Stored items
╭──
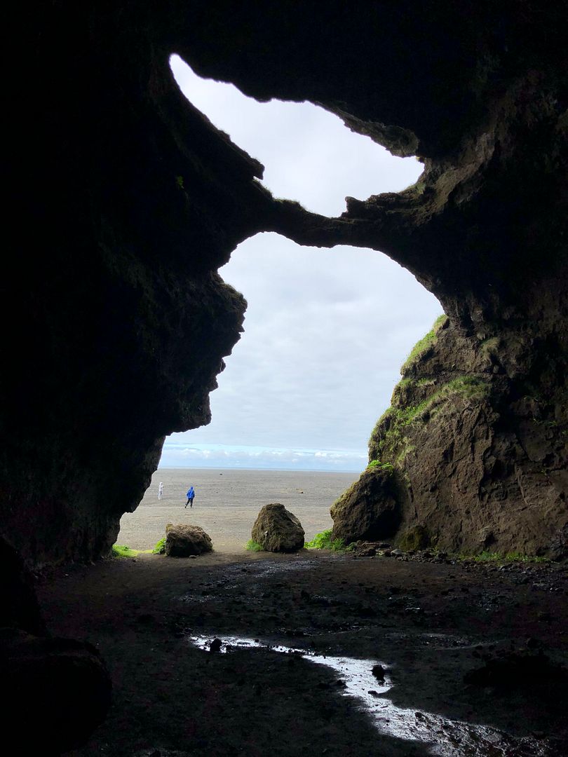 Вид от пещеры на запад довольно мрачный. Безжизненное черное лавовое поле. Вдали видны скалы Рейнисдрангар.
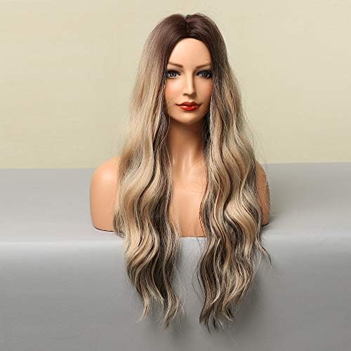 ECIF - شعر مستعار طويل مجعد من اي سي اي اف، شعر مستعار طبيعي مموج متدرج بجذور بني غامق الى اشقر، شعر مستعار صناعي اسود مختلط من الياف صناعية مقاومة للحرارة للنساء للحفلات التنكرية
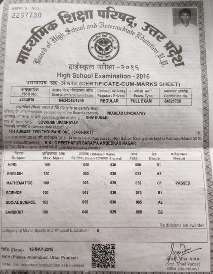 | Exam | Full Marks | Pass Marks | Marks Obtained |
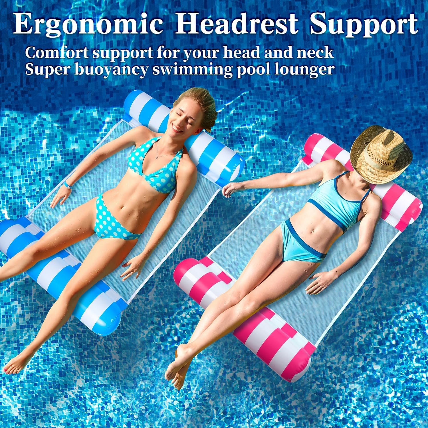 8 Pack Pool Hammock Upgrated Water Pool Floats, 4-in-1 (Hammock, Saddle, Lounge Chair, Drifter) Multi-Purpose Water Pool Float, Non-Stick PVC Material
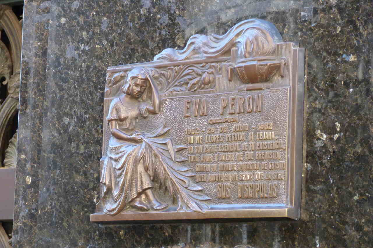 En una de las calles de la sección 16 se encuentra el panteón de la familia Duarte. De líneas art decó se destaca el tratamiento de las pilastras y el frontón que enmarca la puerta de bronce ricamente adornada con festones, flores y hojas estilizadas. La construcción está rematada por un brasero encendido, simbolizando la eternidad. Eva Duarte Perón, más conocida como Evita, desarrolló una fecunda labor social a favor de los más necesitados durante la primera presidencia de su esposo el generas Juan Domingo Perón. Murió en plena juventud y sus restos fueron depositados en este panteón junto a los suyos en 1976.
╰──
* **Your instructions**
Your reply should consist only of the lines running from the line with "Marks Obtained |" to the end of the entries, both included, copied exactly and without any pictures.

* **Answer space**
 | Exam | Full Marks | Pass Marks | Marks Obtained |
 8 Pack Pool Hammock Upgrated Water Pool Floats, 4-in-1 (Hammock, Saddle, Lounge Chair, Drifter) Multi-Purpose Water Pool Float, Non-Stick PVC Material
 En una de las calles de la sección 16 se encuentra el panteón de la familia Duarte. De líneas art decó se destaca el tratamiento de las pilastras y el frontón que enmarca la puerta de bronce ricamente adornada con festones, flores y hojas estilizadas. La construcción está rematada por un brasero encendido, simbolizando la eternidad. Eva Duarte Perón, más conocida como Evita, desarrolló una fecunda labor social a favor de los más necesitados durante la primera presidencia de su esposo el generas Juan Domingo Perón. Murió en plena juventud y sus restos fueron depositados en este panteón junto a los suyos en 1976.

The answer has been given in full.